AquaFox - March 2, 2006 02:43 PM (GMT)
Sticky please.

myork - March 2, 2006 06:23 PM (GMT)
Lets extend the concept to more customised data:
There was a recent question about reading User Data from a file:

We can use the same technique for this:

Here we read the UserData file.
And print the username to the standard output.
CODE

#include <fstream>
#include <iterator>
#include <iostream>

struct UserData
{
   int    id;
   char username[256];
   char password[256];
};

int main(int argc,char* argv[])
{
  std::ifstream       in(argv[1]);

  if (in)
  {
      std::istream_iterator<UserData>  loop(in);
      std::istream_iterator<UserData>  end;

      std::ostream_iterator<const char*>     outIter(std::cout,"\n");

      for(;loop != end;++loop)
      {
          (*outIter)  = loop->username;
          ++outIter;
      }
  }
  return(0);
}


Notice the only thing that changed was the template parameter for the stream iterators. To use this method though we need to define 'operator>>()' for objects that are read and the 'operator<<()' for objects that we are going to write.

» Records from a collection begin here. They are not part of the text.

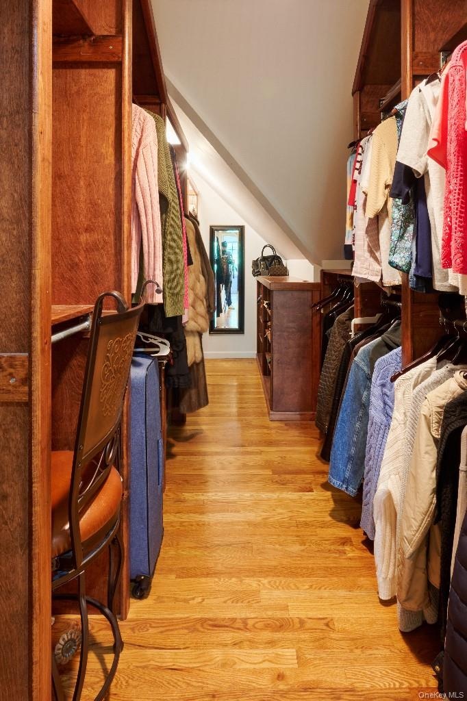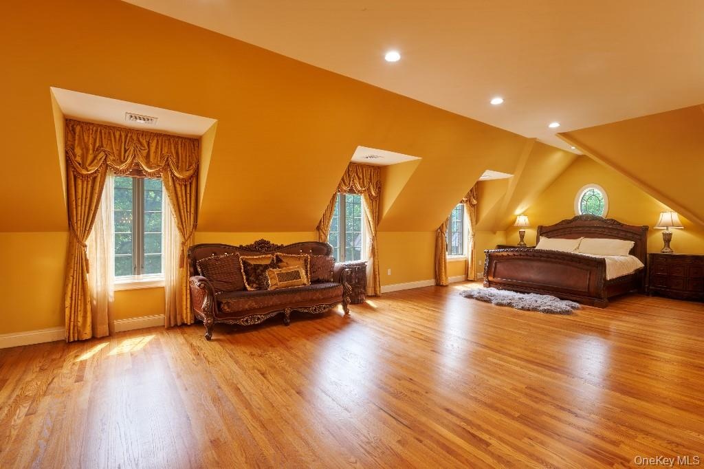 - Bedroom featuring multiple windows, wood finished floors, and vaulted ceiling
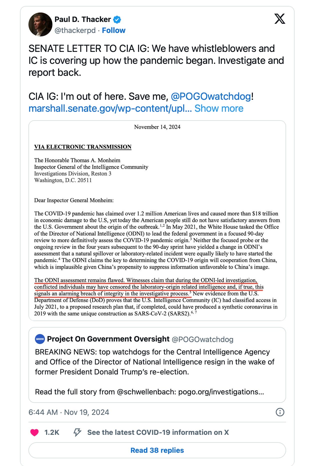 Meanwhile, Zero Hedge noted, "the intelligence community continues to cover up the origins of the pandemic, which is why widespread distribution of this work is that much more important."
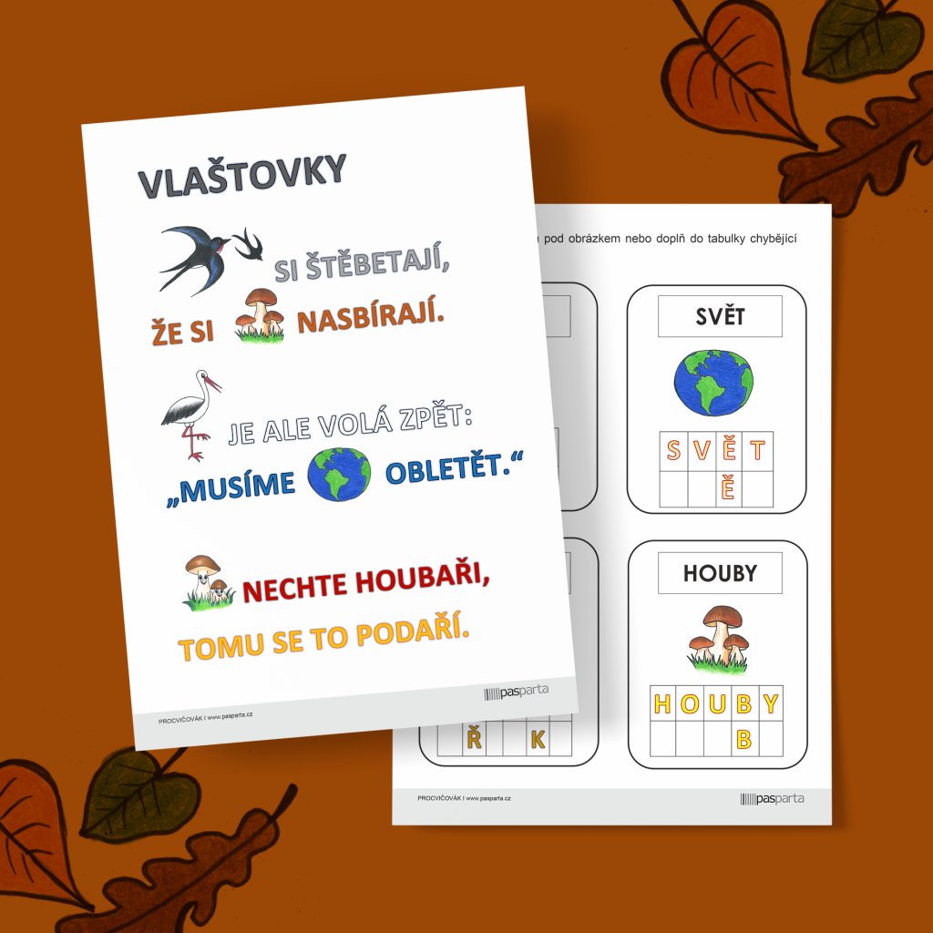 Materiál obsahuje 3 říkadla k zapamatování nebo čtení: Barvy podzimu, Vlaštovky a Pamlsky pro divočáka.
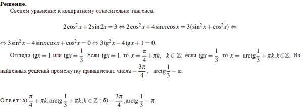 а) Решите данное уравнение 2cos^2x+2sin2x=3. б) Укажите корни данного уравнения, принадлежащие промежутку [-3Pi/2; -Pi/2]
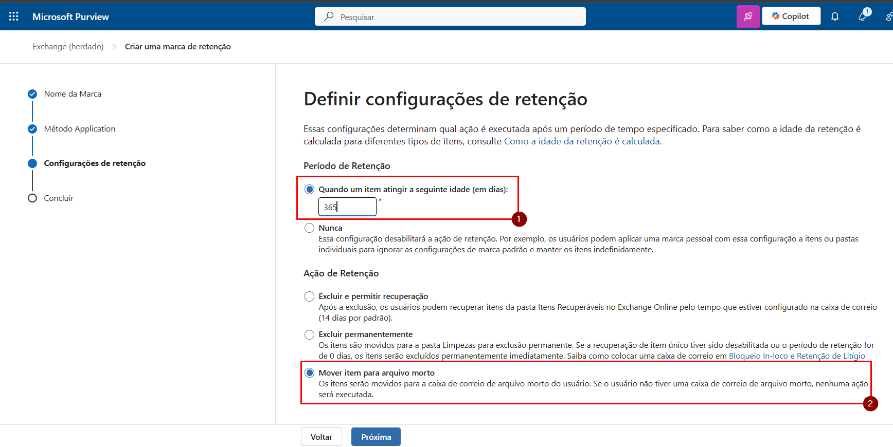 Criando políticas de retenção para automatizar a transferência de e-mails para o arquivo morto do Exchange Online
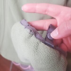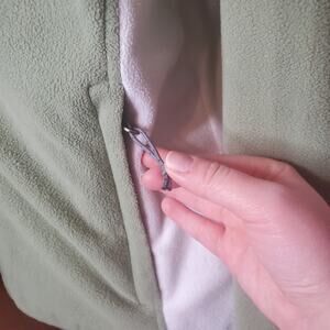 The North Face Fleece Full Zip Up Jacket in pretty light green / sage color with white side and grey lining to collar.

In this example we are reading UserData, so we need to define std::istream operator>>(std::istream& s,UserData& obj);. We are writing a 'const char*' (the username) and there is already an operator defined for this so no work is need there.

So stripping code from original problem we can define the operator as:
CODE
std::istream& operator>>(std::istream& s,UserData& x)
{
   /*
    * Just for the record this is not how I would do it.
    * But I wanted to retain backward compatibility with the original code.
    *
    * But note, because of endianess the integer value is not guaranteed portable
    * between different systems.
    */
   s.read(reinterpret_cast<char*>(&x.id),sizeof(int));
   s.read(x.username,256);
   s.read(x.password,256);
   return(s);
}

Viper - March 2, 2006 06:35 PM (GMT)
My preferred way to read a whole file pretty fast..
CODE
std::stringstream sstream;
sstream << file.rdbuf();
std::string filecontents = sstream.str();

myork - March 2, 2006 06:52 PM (GMT)
QUOTE (Viper @ Mar 2 2006, 01:35 PM)
My preferred way to read a whole file pretty fast..
CODE
std::stringstream sstream;
sstream << file.rdbuf();
std::string filecontents = sstream.str();


But all you are doing is moving the file from one buffer into another.
The first buffer is on a file system the new buffer is in memory.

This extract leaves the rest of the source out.